Незавещанное наследство. Пастернак, Мравинский, Ефремов и другие
Шрифт:
Кстати, когда меня, разнуздавшуюся разоблачительницу, пригласили, то бишь вызвали на «ковер» к зампреду Лазуткину, и я ожидала аудиенции в предбаннике его огромного, начальственного кабинета, вдруг забегали секретарши. Выяснилось, что Куржиямский, при нашей беседе обещавший присутствовать, не придет. Никогда и вообще никуда. Я с ним условилась об этой встрече накануне, в 8.30 утра, 26 января. Но угораздило его выйти прогуляться с собачкой, и в подъезде собственного дома он был убит. Такой вот звоночек. Черед Листьева еще не настал. И я, балда, не увязала никак свою расследовательскую прыть и эту смерть. Казалось, совпадение. Ой ли?
Увы, без Куржиямского, в кабинете Лазуткина со стороны
А теперь вот всплывает цепкий, изучающий взгляд Валентина Валентиновича Лазуткина. Он – не Гусинский, но смышленость, деловую хватку тоже проявил вполне. Нынче владеет акциями телекомпании в очень весомой, серьезной доле. А другой зампред, А. Тупикин, мой единомышленник, соратник по борьбе, существует на пенсионное пособие. Знаю, ведь когда звонила ему из Штатов, сказал в сердцах: «Я старый дурак!» А я?

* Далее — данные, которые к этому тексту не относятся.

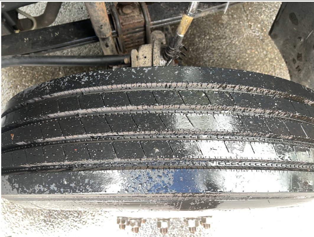
Left Steer Tire Condition / 09-18-2023

Впрочем, какая могла быть у меня дилемма? Получить взятку и заткнуться? О, тут нюансы. Взятку не всякому дают. И у дающего, и у берущего сработать должно тончайшее чутье, причем взаимно. Мне – не предложили. Лазуткин, думаю, не просто так меня изучал, а оценивал, прикидывал, на сколько, на какую сумму тяну. И решил: бесполезно, нет смысла. Пожалуй, был прав. С облегчением улыбнулся. Пожал мою честную руку и из кабинета выпроводил. Чутье, – он был из комсомольцев, так начинал карьеру, – не подвело. Как и Тристана Дела, американского гражданина, но с нашими, российскими корнями.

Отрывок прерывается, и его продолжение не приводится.